A faithful copy of the data is what is wanted, minus any pictures.

* **Given material**
BEGIN

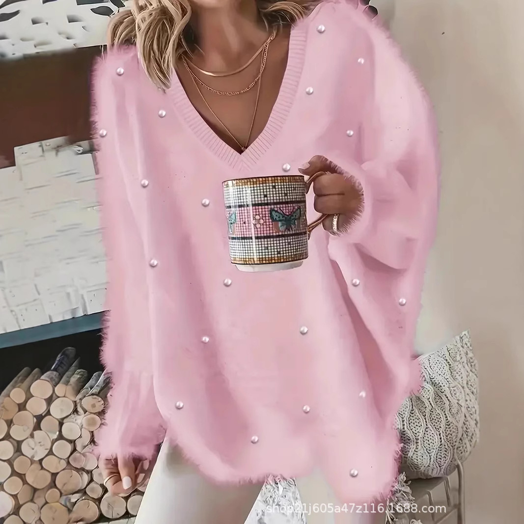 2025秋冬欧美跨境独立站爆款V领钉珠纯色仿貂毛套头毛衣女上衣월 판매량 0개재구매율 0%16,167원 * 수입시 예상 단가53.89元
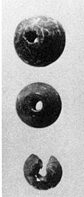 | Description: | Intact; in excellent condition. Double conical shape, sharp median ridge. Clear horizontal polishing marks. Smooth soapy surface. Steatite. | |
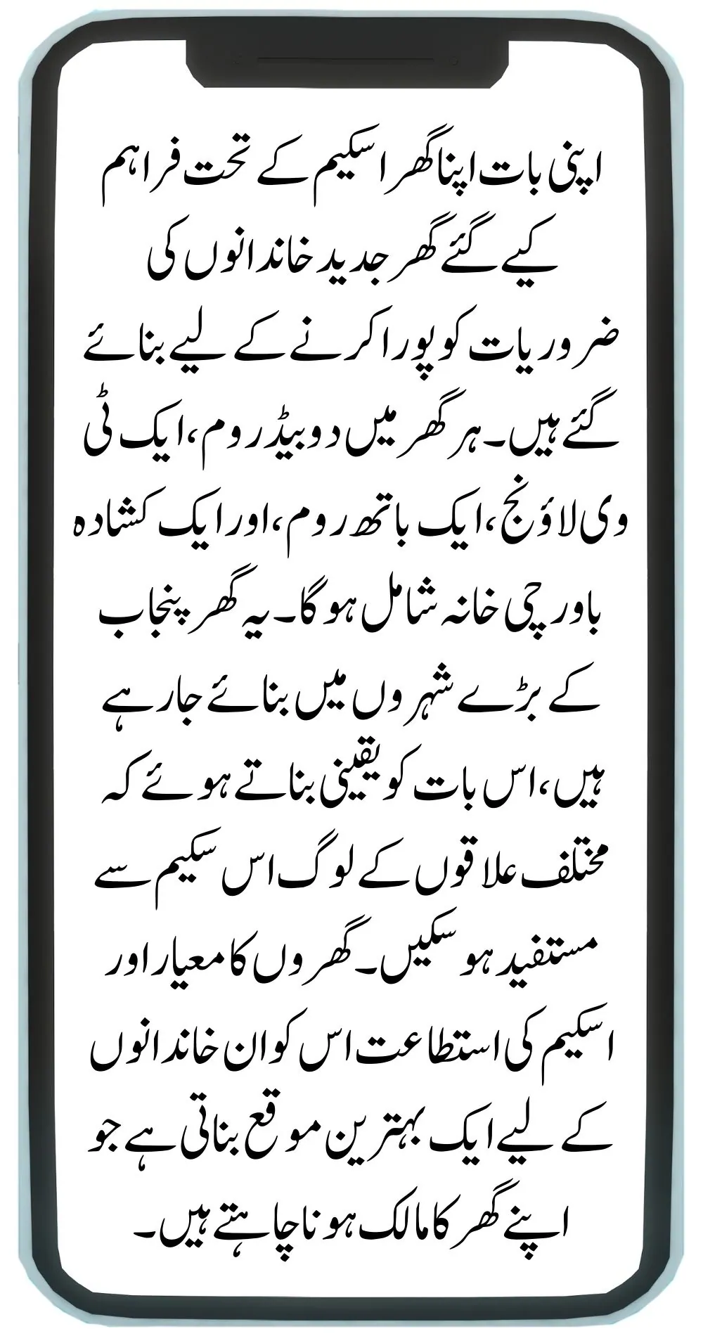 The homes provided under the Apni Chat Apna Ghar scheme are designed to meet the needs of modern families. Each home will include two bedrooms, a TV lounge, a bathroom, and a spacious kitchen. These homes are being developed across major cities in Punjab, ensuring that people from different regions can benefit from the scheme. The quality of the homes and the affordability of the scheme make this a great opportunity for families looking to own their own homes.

END

* **Answer for the task**
 2025秋冬欧美跨境独立站爆款V领钉珠纯色仿貂毛套头毛衣女上衣월 판매량 0개재구매율 0%16,167원 * 수입시 예상 단가53.89元
 | Description: | Intact; in excellent condition. Double conical shape, sharp median ridge. Clear horizontal polishing marks. Smooth soapy surface. Steatite. | |
 The homes provided under the Apni Chat Apna Ghar scheme are designed to meet the needs of modern families. Each home will include two bedrooms, a TV lounge, a bathroom, and a spacious kitchen. These homes are being developed across major cities in Punjab, ensuring that people from different regions can benefit from the scheme. The quality of the homes and the affordability of the scheme make this a great opportunity for families looking to own their own homes.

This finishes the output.